Earlier today my mother starts with what I used to say she “used too many words”… but the more articulate self in the last couple of years rephrased it as “too much dialogue”.
The example?
Earlier she told me that she moved my stuff out of my former cabinet in the kitchen. Ok Capitan Obvious, isn’t that common sense, on Christmas I inherited my gram’s ol pantry. I moved virtually everything except a few straggler items of food to move over to the pantry/hutch. The words she used was “I am moving some stuff in the cabinet so we can have more space”
Then she had to explain the obvious even more in a “just”-fication like “I’m just communicating”. I don’t know if its a male validation, or submission or she likes to be a human console logger, but every little message or wire pings so to speak, without self editorial control is really anxiety ridden.
The other offending line was my mother had then told me to check the food because some have expired. “Copy that” – is a phrase i am using more like a dispatcher to have full-stop responses so she doesn’t have to keep painting a picture.

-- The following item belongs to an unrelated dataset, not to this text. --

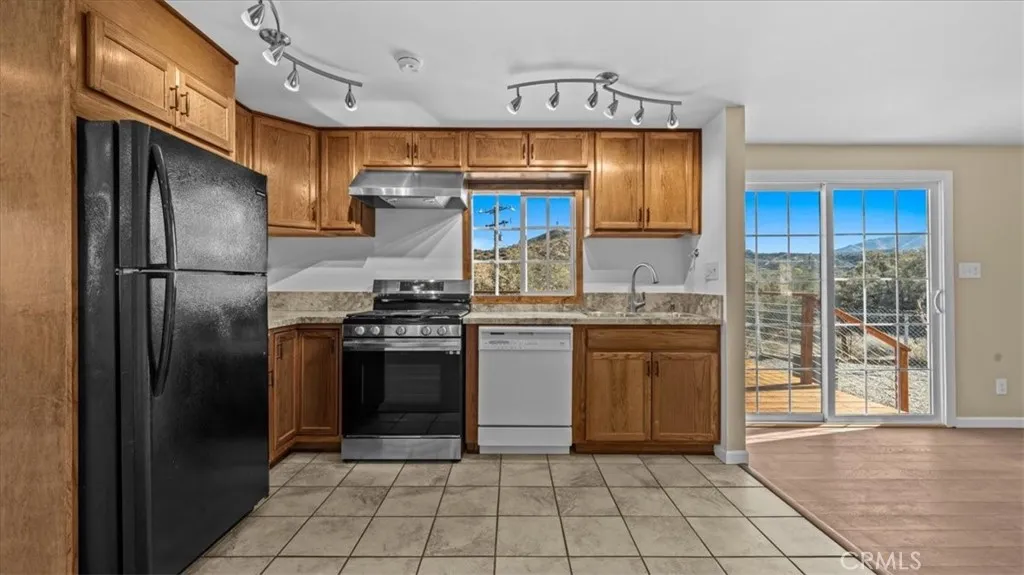 Escape to peaceful country living in this beautifully updated 2 bedroom, 2 bath manufactured home situated on 5 acres of land. Surrounded by wide open views and a quiet rural backdrop, this property offers the perfect mix of privacy and comfort. Inside, youll find an inviting open floor plan with laminate flooring, recessed lighting, and ceiling fans throughout. The spacious living room features a cozy wood-burning stove with a stacked stone accent wall, creating a warm and welcoming feel. The kitchen features track lighting, and ample counter space, open to a dining area with sliding doors that lead out to a large wood deck, a great spot to enjoy the peaceful surroundings. Both bedrooms are bright and comfortable, and the bathrooms feature tile finishes and updated fixtures. With 5 acres of land, theres plenty of room for your animals, RVs, or outdoor projects. This home also comes with 4 water shares. This home offers a relaxing lifestyle with room to grow and enjoy the natural beauty around you.

Now I am not Rolo Tomasi or Aaron Clarey or some other Red piller type. My mothers constant explicit dialogue, known as corrosive control, or learned dependence, how am I supposed to observe my surroundings if I am constantly being reminded of things that are for most people are obvious? Mix in the blurred boundaries, and whose responsibilities are at whatever time of day, no wonder why I am confused.
For all the years my mother lectured about discrete communication, ironically this is one of the many infuriating moments of dealing with a menopausal mother who had me too early.
At this point, having a Young Cute and Sexy type would probably be as the same as my mother. I am so hopeless.